## Task description:
Output the first line of the listing and each line after it, up to and including the line that contains "- Ambil sampel", exactly as written, minus the pictures.

## Records to use:
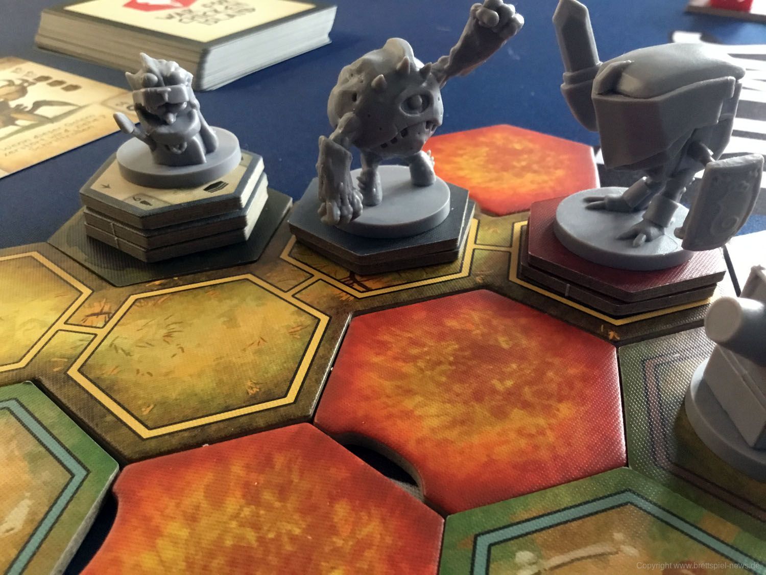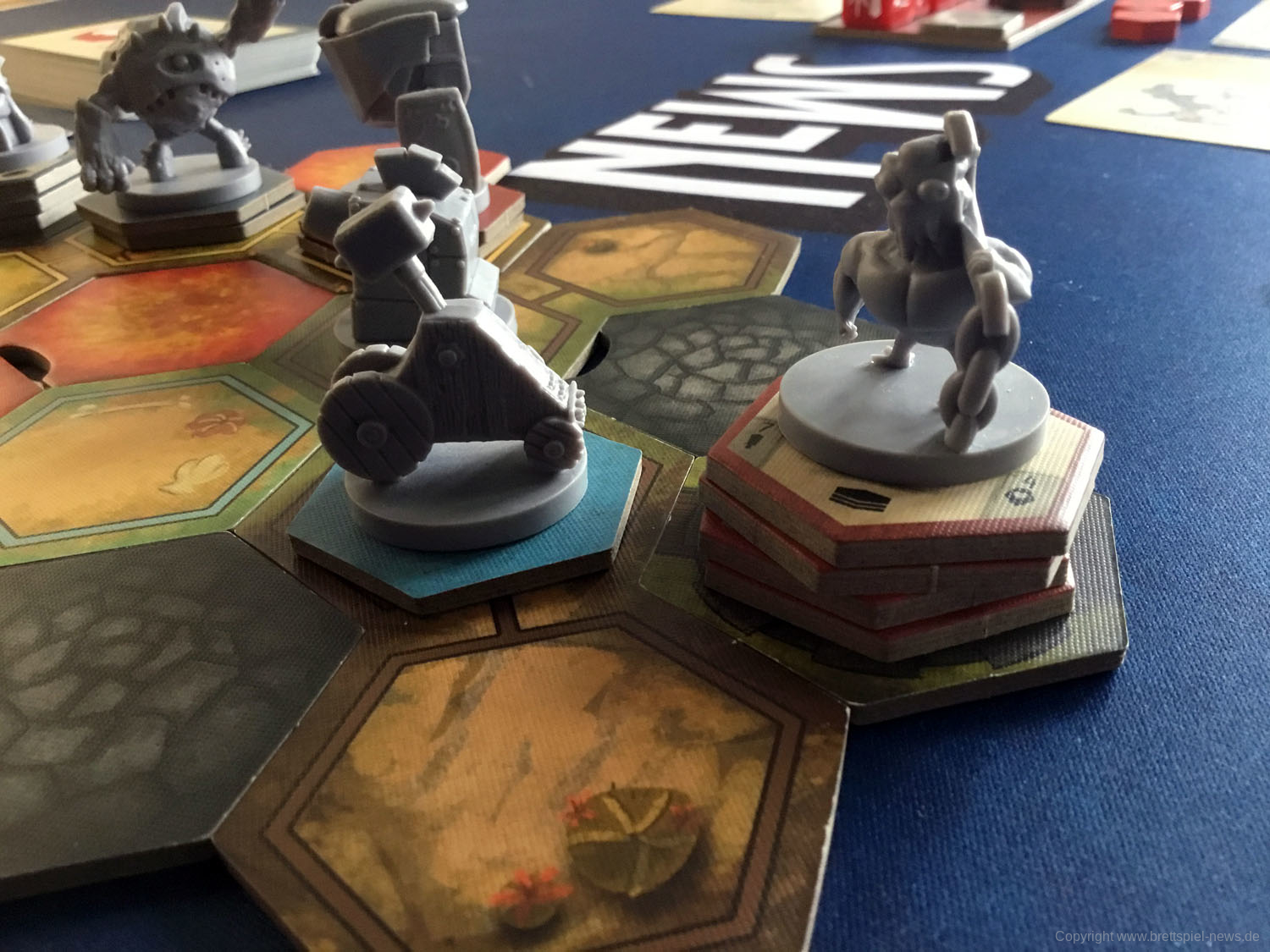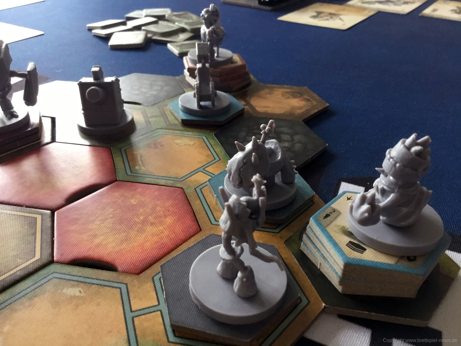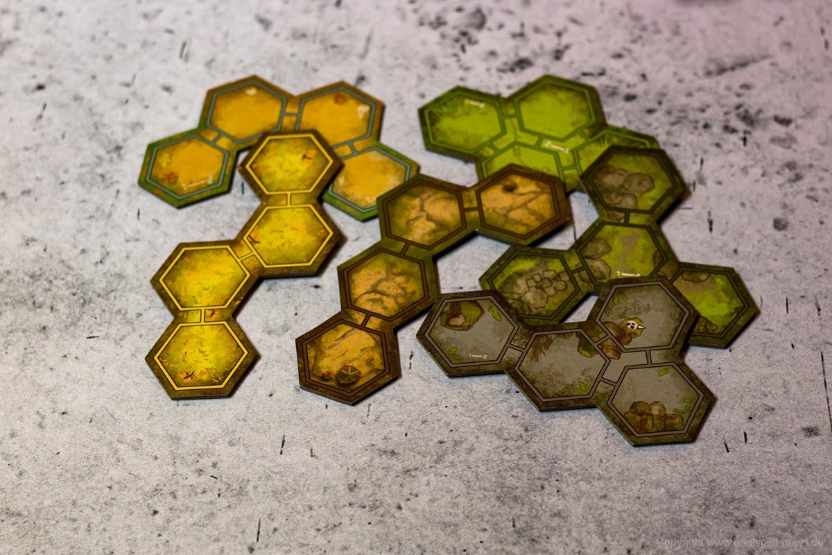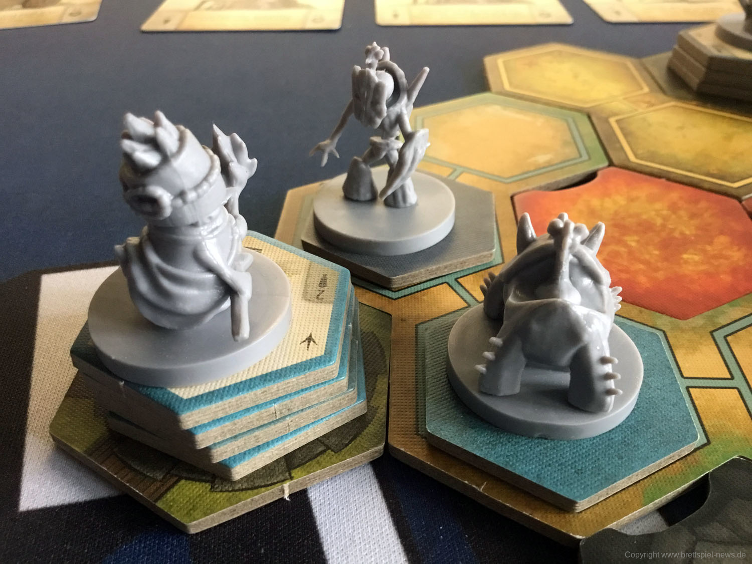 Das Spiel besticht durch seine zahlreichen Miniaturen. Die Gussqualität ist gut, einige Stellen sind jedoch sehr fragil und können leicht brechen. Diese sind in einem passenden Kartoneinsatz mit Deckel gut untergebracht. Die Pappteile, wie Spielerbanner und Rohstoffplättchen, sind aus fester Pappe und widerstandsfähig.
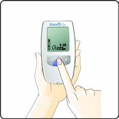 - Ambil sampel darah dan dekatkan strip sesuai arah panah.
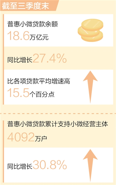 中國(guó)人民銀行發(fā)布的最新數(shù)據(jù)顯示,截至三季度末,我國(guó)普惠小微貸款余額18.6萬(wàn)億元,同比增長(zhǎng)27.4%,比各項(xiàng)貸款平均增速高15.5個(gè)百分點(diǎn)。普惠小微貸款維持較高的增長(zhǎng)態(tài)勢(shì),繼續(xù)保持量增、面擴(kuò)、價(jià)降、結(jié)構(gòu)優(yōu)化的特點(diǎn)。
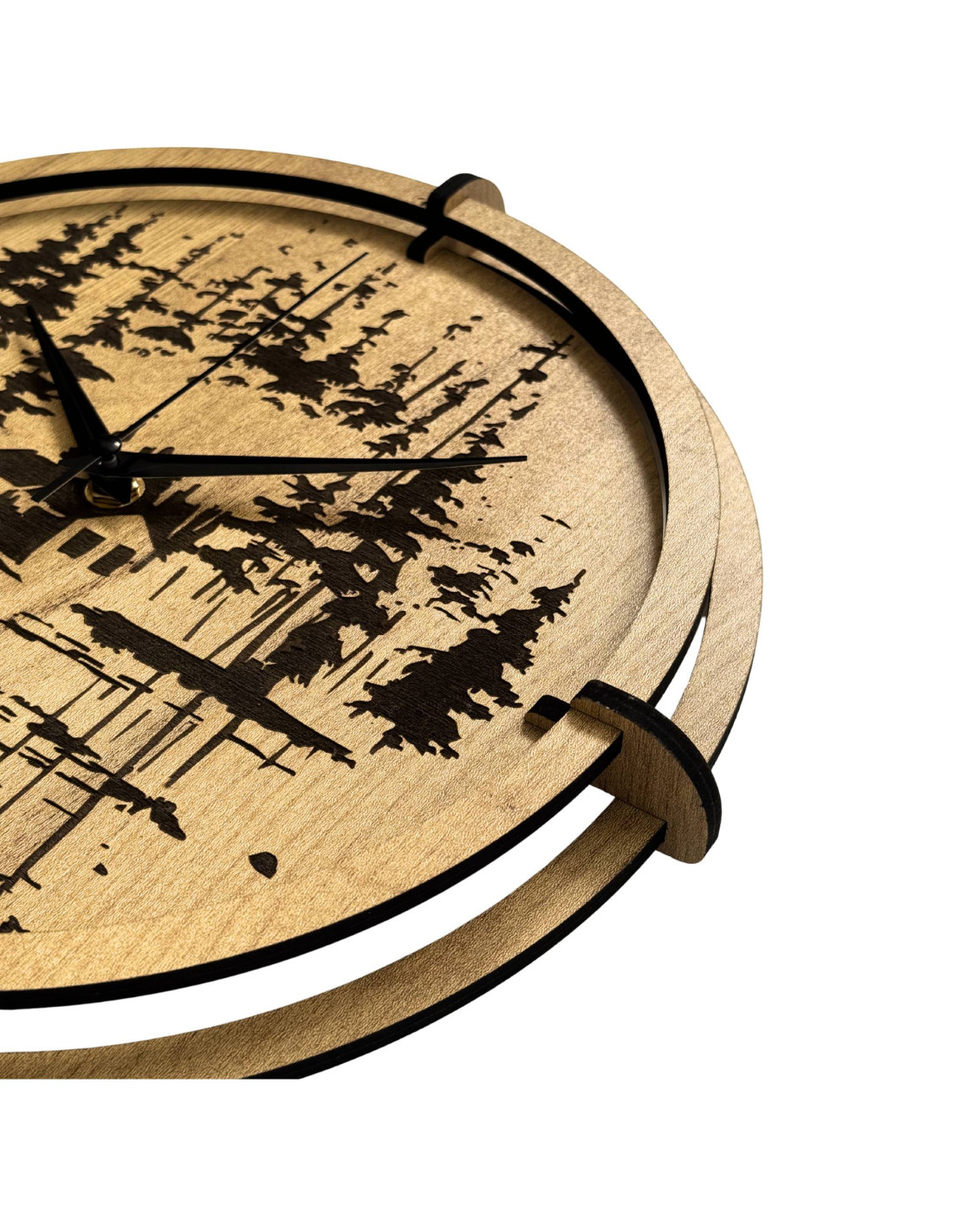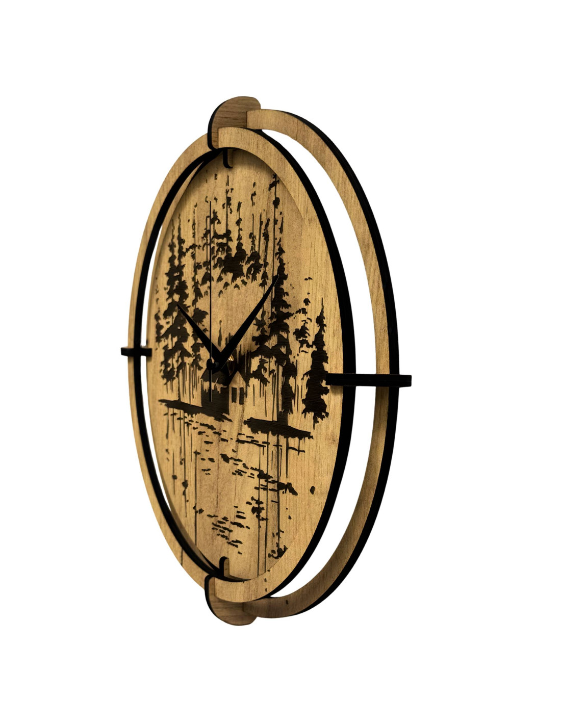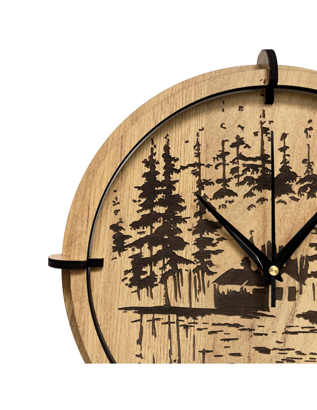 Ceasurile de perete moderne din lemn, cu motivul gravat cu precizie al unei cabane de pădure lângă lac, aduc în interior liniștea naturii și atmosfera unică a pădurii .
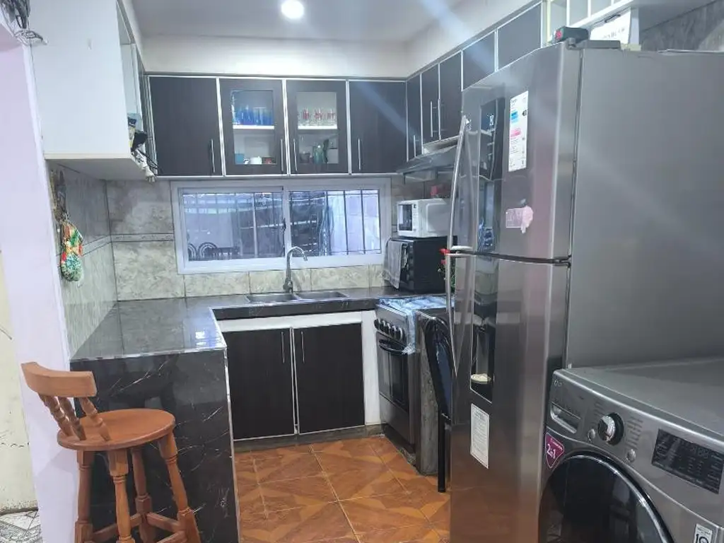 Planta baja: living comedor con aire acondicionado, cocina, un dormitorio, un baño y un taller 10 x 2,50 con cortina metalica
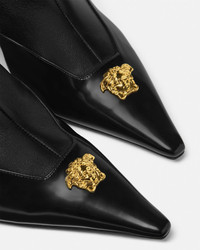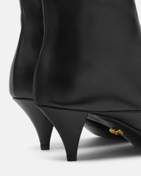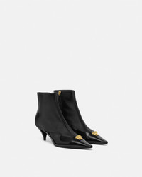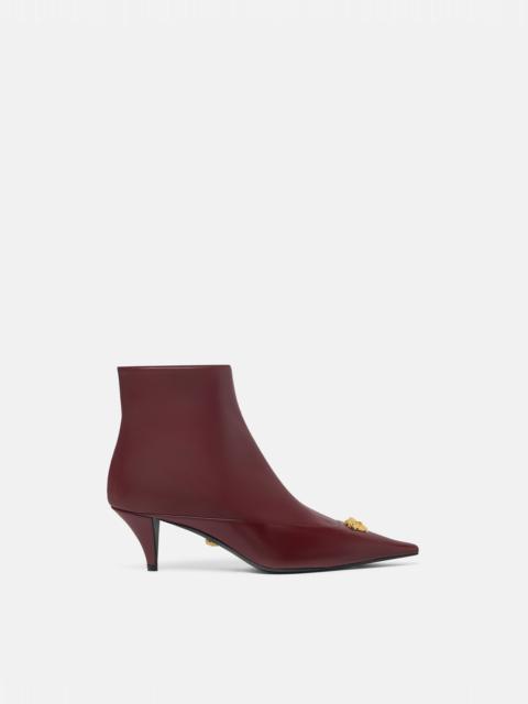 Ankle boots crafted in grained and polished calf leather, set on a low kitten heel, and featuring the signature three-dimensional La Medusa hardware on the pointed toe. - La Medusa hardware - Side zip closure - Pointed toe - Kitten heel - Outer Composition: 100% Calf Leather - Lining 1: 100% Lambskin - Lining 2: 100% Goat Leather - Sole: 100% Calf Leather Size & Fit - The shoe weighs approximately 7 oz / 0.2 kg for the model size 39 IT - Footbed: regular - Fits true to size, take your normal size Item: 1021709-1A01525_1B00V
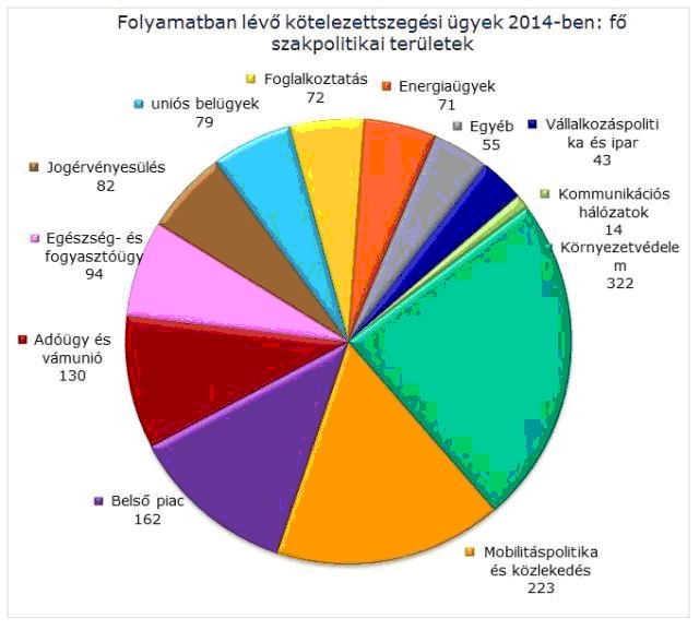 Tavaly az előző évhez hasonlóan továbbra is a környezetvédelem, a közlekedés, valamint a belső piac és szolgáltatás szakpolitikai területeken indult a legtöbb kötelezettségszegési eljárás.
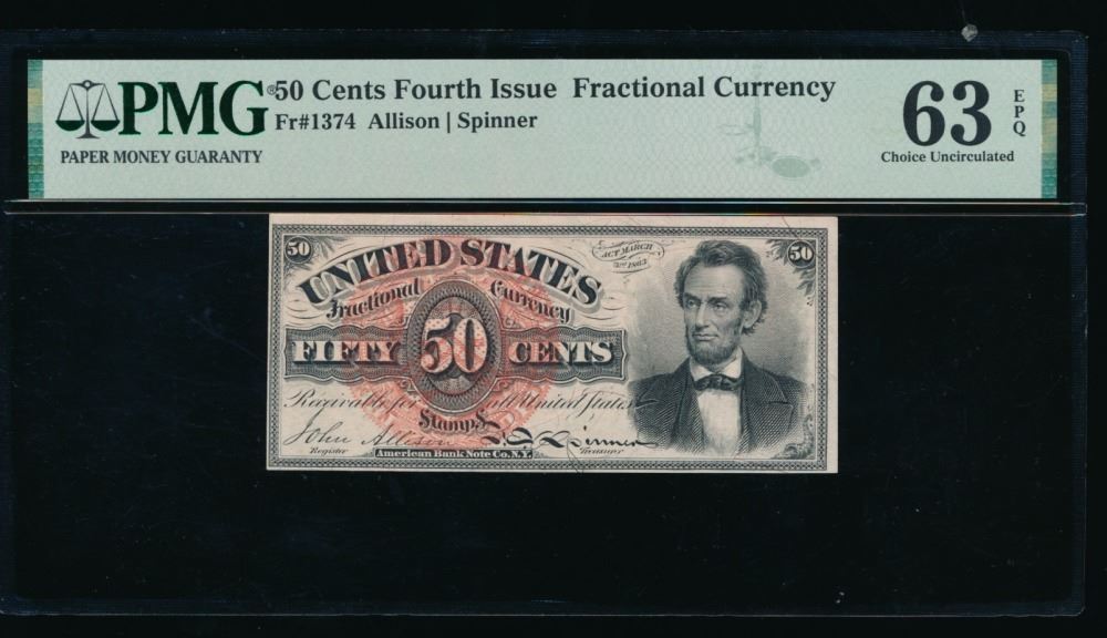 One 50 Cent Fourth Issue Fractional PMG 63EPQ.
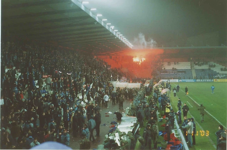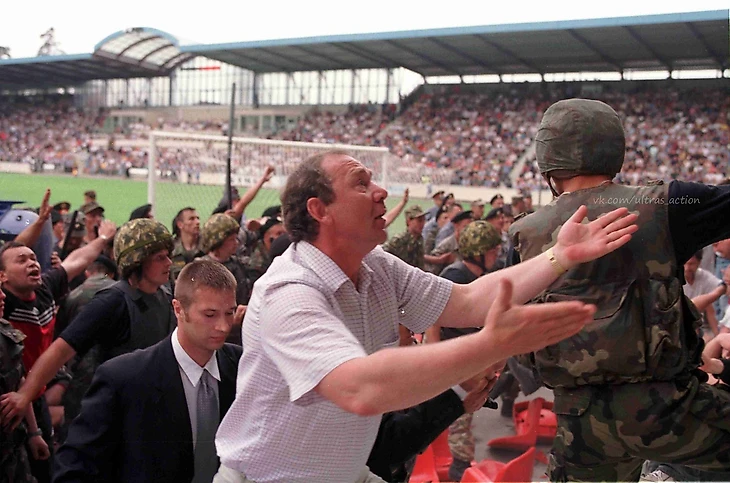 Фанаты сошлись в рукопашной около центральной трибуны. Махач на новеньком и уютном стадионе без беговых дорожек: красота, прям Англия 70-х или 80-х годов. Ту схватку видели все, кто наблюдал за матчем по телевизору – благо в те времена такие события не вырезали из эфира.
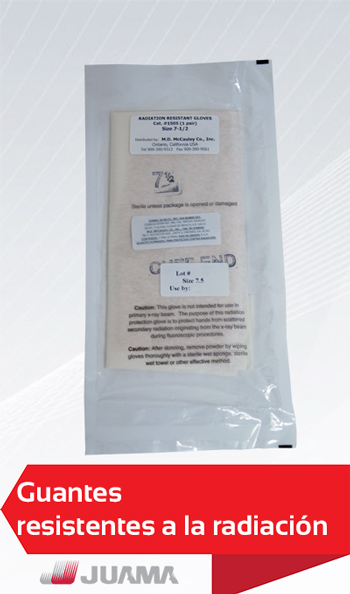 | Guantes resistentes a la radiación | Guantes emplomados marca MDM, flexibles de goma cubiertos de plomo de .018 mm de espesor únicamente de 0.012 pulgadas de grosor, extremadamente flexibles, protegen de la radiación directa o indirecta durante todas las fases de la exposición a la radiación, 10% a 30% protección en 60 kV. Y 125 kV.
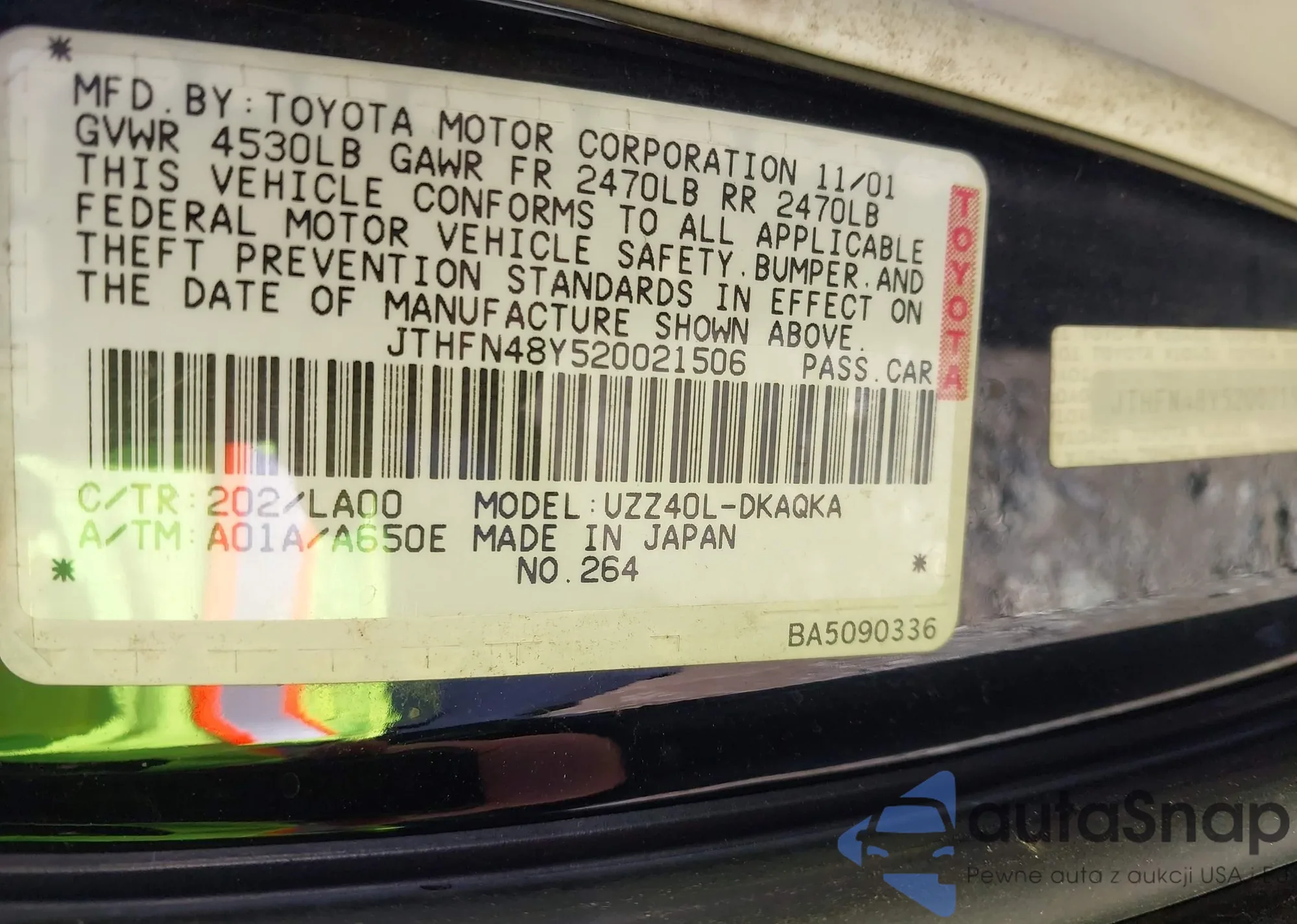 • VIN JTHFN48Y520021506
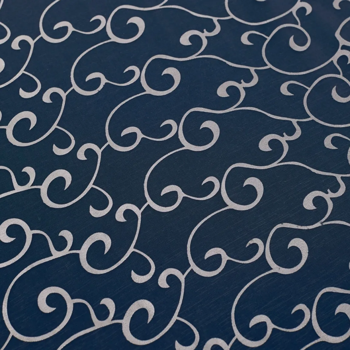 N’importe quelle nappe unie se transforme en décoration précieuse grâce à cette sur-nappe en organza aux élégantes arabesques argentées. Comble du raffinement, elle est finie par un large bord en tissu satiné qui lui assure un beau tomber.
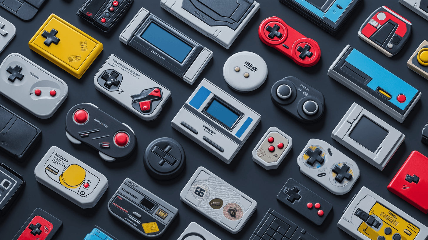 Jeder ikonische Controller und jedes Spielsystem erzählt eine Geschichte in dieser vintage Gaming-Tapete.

## Response to this exercise:
 Das Spiel besticht durch seine zahlreichen Miniaturen. Die Gussqualität ist gut, einige Stellen sind jedoch sehr fragil und können leicht brechen. Diese sind in einem passenden Kartoneinsatz mit Deckel gut untergebracht. Die Pappteile, wie Spielerbanner und Rohstoffplättchen, sind aus fester Pappe und widerstandsfähig.
 - Ambil sampel darah dan dekatkan strip sesuai arah panah.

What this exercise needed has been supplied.